Амер глянул на пенистую жидкость в колбе.

— Снадобье прозорливости, Уиллоу.

— Чево?

— Снадобье прозорливости. С его помощью я смогу наблюдать за Самоной, где бы она ни была.

— Ты что, подглядка-ищейка, что ли? — возмутилась огневушка.

— Уиллоу! — запротестовал Амер, глубоко уязвленный. — Я всего лишь осуществляю необходимую операцию стратегической разведки.

— Об том я и толкую. Следить за женщиной... а еще Мастер!

— Боюсь, что это необходимо, — сообщил Амер. Он заглянул в колбу. — Видишь ли, она все время ищет способ обратить меня в раба.

Нежное бульканье возвестило, что варево в колбе готово. Амер прочел заклинание и воззрился на жидкость.

— Так, посмотрим... — Он увидел, что колба заполнена вихревыми переливами самых странных оттенков. Амер пробормотал иной вариант заклинания — никакого результата. Попробовал второе, третье заклинание, а потом, потеряв терпение, шлепнул ладонью по стенке колбы. В тот же миг цветовые вихри сплелись воедино, вытянулись, задрожали — и сошлись в фокусе в образе Самоны.

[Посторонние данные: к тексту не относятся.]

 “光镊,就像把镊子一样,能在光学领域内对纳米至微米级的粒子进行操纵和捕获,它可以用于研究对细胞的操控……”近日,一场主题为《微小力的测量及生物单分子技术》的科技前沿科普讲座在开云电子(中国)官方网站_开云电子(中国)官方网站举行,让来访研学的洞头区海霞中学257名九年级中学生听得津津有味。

Она была одета в красное бархатное платье с глубоким вырезом на груди и высоким елизаветинским воротником, обрамлявшим ее голову алым сиянием. Лиф платья облегал тело так, будто оно родилось в нем, и, пока оно росло, лиф рос вместе с женским телом, сужаясь в талии и пышно разлетаясь в юбку там, где угадывались плавные линии наполнившихся мягкой полнотой бедер, а затем устремляясь вверх в тщетной попытке укрыть высокую, налитую грудь. Но там, где отступила ткань, преуспели волосы: длинные, мерцающие, они волнами струились вниз, укрывая грудь мягким буйством черных локонов. На чистом, смугловатом лице молодой женщины чернели слегка раскосые глаза и пламенели большие, полные красные губы.

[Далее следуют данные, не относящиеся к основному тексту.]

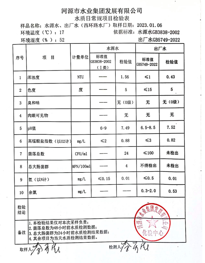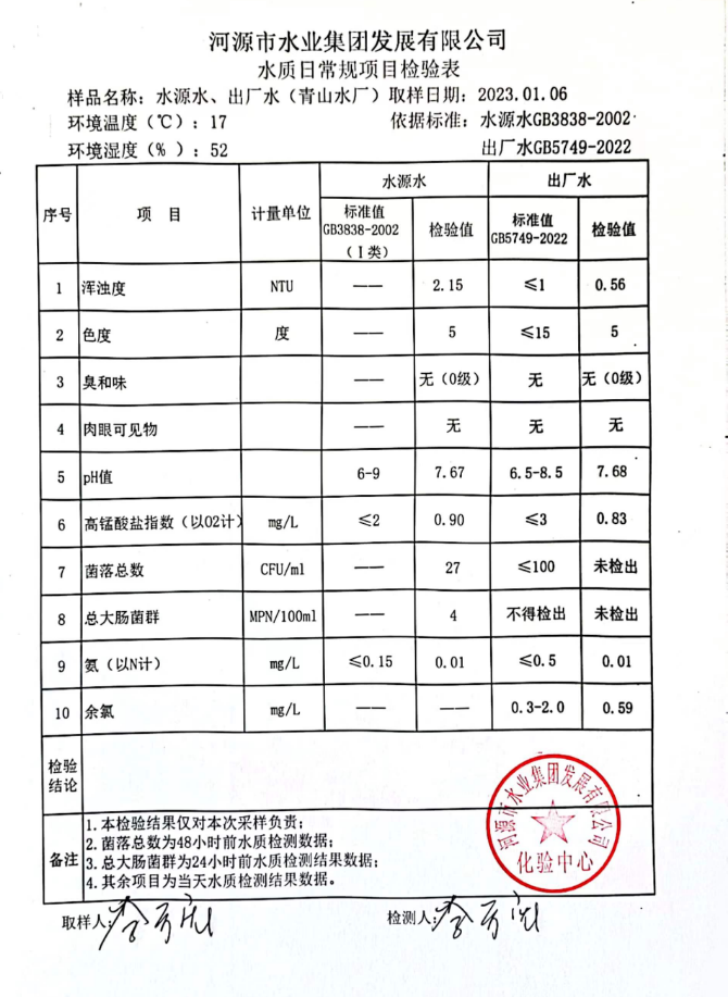 2023年1月6日水質檢驗報告

Все это заметил Амер, как замечал каждый день и в детстве, и в юности, почти не осознавая этого. Опять она изменила рисунок бровей, и в волосах снова появились медно-рыжие пряди.

Руки миниатюрной Самоны легко и быстро порхали среди всевозможных пузырьков на полках, протянувшихся вдоль камина, по каплям пуская их содержимое в небольшой котелок, который кипел, задорно попыхивая, на зеленом огне. Самона помешала содержимое котелка, бросила туда щепотку белого блестящего порошка и встала, отсчитывая удары собственного пульса и наблюдая за густеющей жидкостью.

— Что она делает, Мастер?

— Мне показалось, ты говорила, что шпионить нехорошо, Уиллоу.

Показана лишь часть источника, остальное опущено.